Mi piacerebbe raccontare in termini essenziali la sua visione di teatro itinerante ed immersivo, con speciale riferimento a questa messa in scena.
Ho sempre considerato il teatro come spettacolo dal vivo. Un’ esperienza condivisa tra personaggi e pubblico, un qualcosa che accade in quel momento e che è irripetibile. Lo spettacolo itinerante è un viaggio sensoriale. Lo spettatore sfonda la famosa quarta parete per trovarsi in una nuova dimensione in cui si immerge totalmente.

Può essere come un sogno o come un incubo o semplicemente una realtà diversa. Il tentativo è quello di far vivere un’esperienza a 360 gradi, perdendo totalmente l’idea della divisione tra attore e spettatore. Nello spettacolo Maria Stuart entreremo nel 1587, questi palazzi storici e castelli si popoleranno di fantasmi che andranno a dar vita alla loro storia.

L’ambientazione proposta ha una parte essenziale nel racconto di questo dramma, ce ne descriva i tratti essenziali…
E’ stato scelto di fare questo spettacolo in palazzi storici e castelli per dare ancora più senso di verità alla rappresentazione. L’atmosfera di questi luoghi già da sola fa volare le menti in altre epoche e in altre dimensioni. Far apparire improvvisamente i  personaggi come fantasmi che si muovono a pochi centimetri dagli spettatori renderà tutto ancora più avvolgente. Le mura di queste dimore ci racconteranno la loro storia, tutto il loro passato, tutte le loro emozioni. Il luogo diventerà parte stessa della narrazione.

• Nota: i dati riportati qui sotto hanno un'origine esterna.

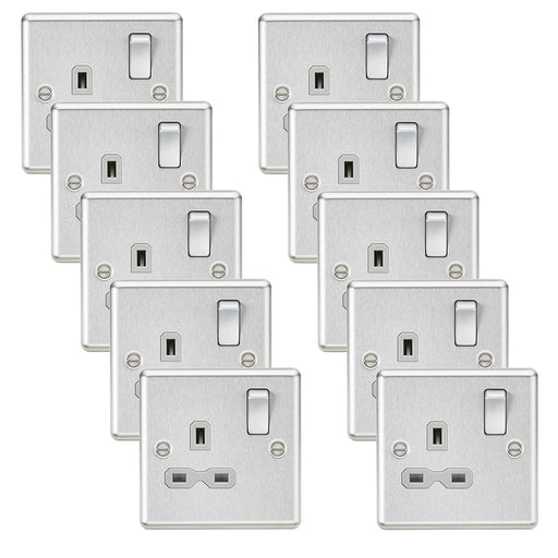 BG NBS21G Nexus Metal Single Socket 13A - Grey Insert - Brushed Steel (10 Pack) Premium BRUSHED STEEL metal accessories, in a range of superior qua...

Oggi coordinare undici attori appare un vero sogno produttivo, quali sono stati, secondo Carlo Fineschi, gli elementi determinanti di questa operazione e a che pubblico pensa di rivolgersi?
Dopo due anni di pandemia, teatri chiusi e spettacoli bloccati, fare uno spettacolo in costume con undici attori poteva sembrare solo una follia. Se in più consideriamo che il numero degli spettatori per esigenze degli spazi è limitato, ancor di più fa credere che i produttori e il regista, visto il momento storico, siano da ricovero in un istituto psichiatrico.

Devo dire però che l’appoggio fondamentale del Nuovo IMAIE che sostiene l’operazione e la voglia di poter fare qualcosa in cui si crede ciecamente, fa dimenticare tutte le difficoltà burocratiche e amministrative che uno spettacolo come questo ha. Anzi proprio per il periodo, passato da pochissimo, poter far lavorare tante persone del settore è una spinta forte alla ripartenza.

Il pubblico a cui si rivolge è formato da persone che dopo due anni passati in isolamento, seduti su delle poltrone a fissare uno schermo e a confrontarsi con gli altri tramite tastiere e messaggi audio e telefonate, ha voglia di immergersi e vivere come un vero e proprio incontro questa storia.